So unless you are a dedicated Apple enthusiast that does all of their movie viewing through iTunes (which is expensive compared to say Netflix), with the exception of AirPlay, there really isn’t much need to choose the Apple TV over the Roku, or if you’re even a casual gamer, to move up a price point to the Xbox or Playstation gives you more entertainment options (and with the Xbox 360 you can use the Kinect, which we’re big fans of).
Obviously, Apple knows that AirPlay is an advantage for the iPad 2 over other tablets, as AirPlay is heavily featured in iPad commercials. Also, the ever-increasing number of AirPlay enabled apps is just starting to hit a tipping point – expect a ton more very soon. That said, those commercials are iPad commercials not Apple TV ones, and the Apple TV is just a blip on the Apple revenue sheet, so we see Apple as having a problem here.

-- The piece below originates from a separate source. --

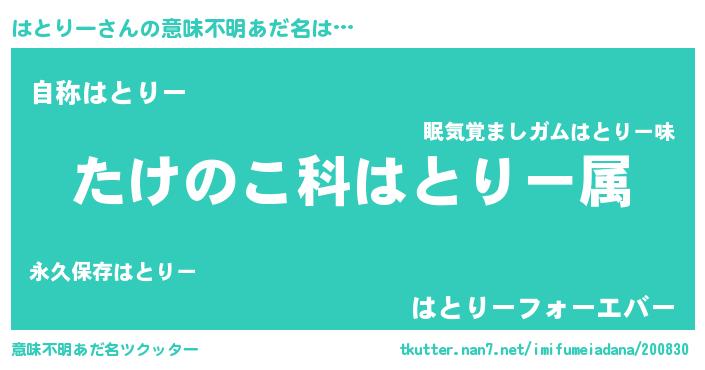 | 胡散臭い通販商品みたいなあだ名 | 『テレビで話題のアガリクス…その名も「はとりー」』 |

There have been a lot of rumors of a true Apple Television – screen and all – but again, we’re guessing here that unless you’re an Apple enthusiast (or Apple does something truly revolutionary) you’ll probably be just fine with any of the TVs you can pick up at Best Buy today – so we don’t really see the Apple Television as the thing that will sell iPads – and that’s what we’re trying to get at – how can Apple further drive iPad sales (if that is even possible)?

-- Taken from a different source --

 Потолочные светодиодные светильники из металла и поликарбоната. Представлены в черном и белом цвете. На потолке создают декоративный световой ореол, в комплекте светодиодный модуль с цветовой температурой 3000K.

Here’s a suggestion: either when iOS 5 hits this fall (along with a new iPhone perhaps?) or perhaps more likely, for the holiday season, Apple should start bundling the current Apple TV box with all iPads.

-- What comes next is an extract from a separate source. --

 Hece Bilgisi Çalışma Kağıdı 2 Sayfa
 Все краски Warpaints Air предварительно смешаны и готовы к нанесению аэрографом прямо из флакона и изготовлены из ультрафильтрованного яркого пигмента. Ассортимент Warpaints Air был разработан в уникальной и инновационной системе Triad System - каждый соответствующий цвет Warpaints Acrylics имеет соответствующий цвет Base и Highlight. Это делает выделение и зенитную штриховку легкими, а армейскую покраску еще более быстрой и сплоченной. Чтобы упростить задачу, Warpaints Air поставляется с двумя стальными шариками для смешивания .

It’s really pretty simple – the Apple TV right now is an iOS device accessory. At the very least, Apple could offer the Apple TV for half off ($50) with the purchase of an iPad or the activation of an iPhone 5, though we think that just throwing it in would really get Apple onto TVs the fastest, and make AirPlay a true differentiator. There is certainly precedent for this bundling – Apple has previously thrown in the iPod Touch with Macbook purchases for students, and Microsoft is offering a free Xbox 360 with any Windows computer purchase over $699 (Do you think that’s a coincidence to what we’re talking about here? Microsoft is making a very smart play).
If Apple does release an Apple Television this fall, some of this might change – heck, perhaps they could bundle a free iPad 2 in with an Apple Television purchase (ok, probably not) – but one thing is for sure: unless Apple makes some kind of effort to closely tie sales of the Apple TV to sales of the iPad 2 and iPhone 5, it is missing out on its best opportunity to become the entertainment hub of millions of living rooms, the current holy grail of consumer electronics.